§ Exercise brief
Omit the pictures and return exactly the stretch of the material below from the line with "Unpainted Carved, Dusty" through the line with "Độ, ngày 25-2-2023.".
(Listed records begins)
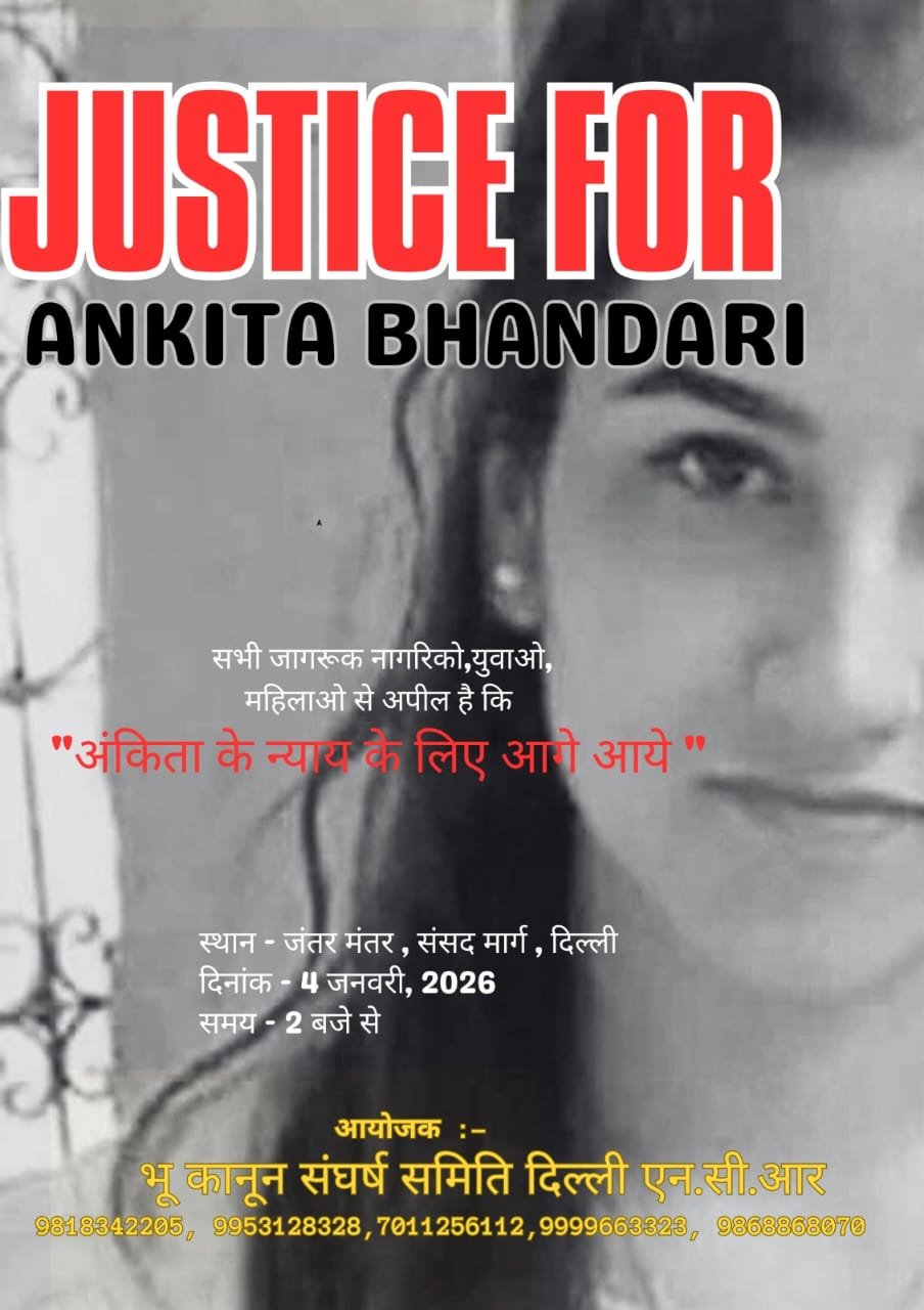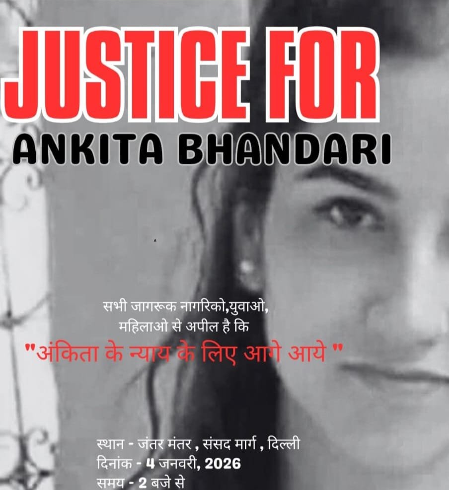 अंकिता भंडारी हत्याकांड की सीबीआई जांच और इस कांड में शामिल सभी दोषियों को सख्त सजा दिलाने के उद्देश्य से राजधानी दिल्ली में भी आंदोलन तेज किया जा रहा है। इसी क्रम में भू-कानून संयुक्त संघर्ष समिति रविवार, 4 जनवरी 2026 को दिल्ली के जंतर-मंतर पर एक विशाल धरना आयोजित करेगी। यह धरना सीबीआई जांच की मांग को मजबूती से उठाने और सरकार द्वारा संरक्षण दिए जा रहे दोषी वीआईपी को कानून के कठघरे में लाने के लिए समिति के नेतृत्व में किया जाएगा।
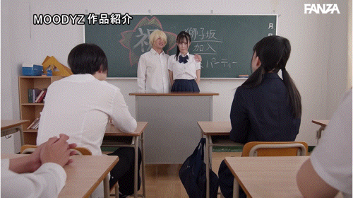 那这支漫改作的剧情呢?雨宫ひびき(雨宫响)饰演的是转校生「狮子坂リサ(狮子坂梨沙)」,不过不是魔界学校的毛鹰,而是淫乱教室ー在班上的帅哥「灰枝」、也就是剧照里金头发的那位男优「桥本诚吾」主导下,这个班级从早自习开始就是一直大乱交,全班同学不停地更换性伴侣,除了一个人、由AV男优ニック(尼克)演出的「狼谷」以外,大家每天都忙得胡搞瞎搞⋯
(Listed records ends)
(Listed records begins)
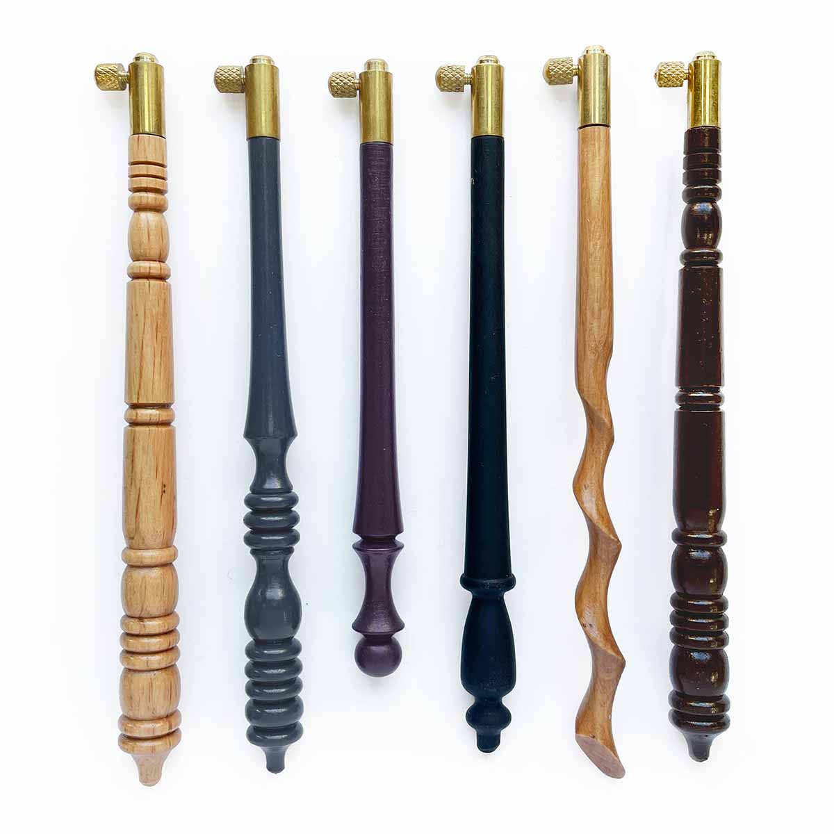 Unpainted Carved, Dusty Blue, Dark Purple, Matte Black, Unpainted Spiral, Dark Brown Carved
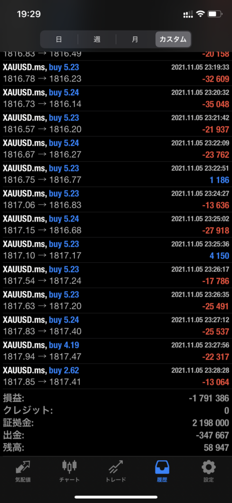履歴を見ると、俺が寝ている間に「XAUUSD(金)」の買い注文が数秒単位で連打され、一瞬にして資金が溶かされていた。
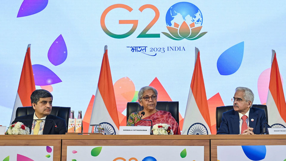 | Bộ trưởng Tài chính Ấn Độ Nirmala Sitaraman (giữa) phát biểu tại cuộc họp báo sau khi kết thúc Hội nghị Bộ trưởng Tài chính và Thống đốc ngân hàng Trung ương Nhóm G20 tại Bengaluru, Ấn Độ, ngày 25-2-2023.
(Listed records ends)
(Listed records begins)
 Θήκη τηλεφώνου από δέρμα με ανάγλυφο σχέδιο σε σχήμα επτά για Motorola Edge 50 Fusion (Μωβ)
(Listed records ends)
§ Finished task
 Unpainted Carved, Dusty Blue, Dark Purple, Matte Black, Unpainted Spiral, Dark Brown Carved
履歴を見ると、俺が寝ている間に「XAUUSD(金)」の買い注文が数秒単位で連打され、一瞬にして資金が溶かされていた。
 | Bộ trưởng Tài chính Ấn Độ Nirmala Sitaraman (giữa) phát biểu tại cuộc họp báo sau khi kết thúc Hội nghị Bộ trưởng Tài chính và Thống đốc ngân hàng Trung ương Nhóm G20 tại Bengaluru, Ấn Độ, ngày 25-2-2023.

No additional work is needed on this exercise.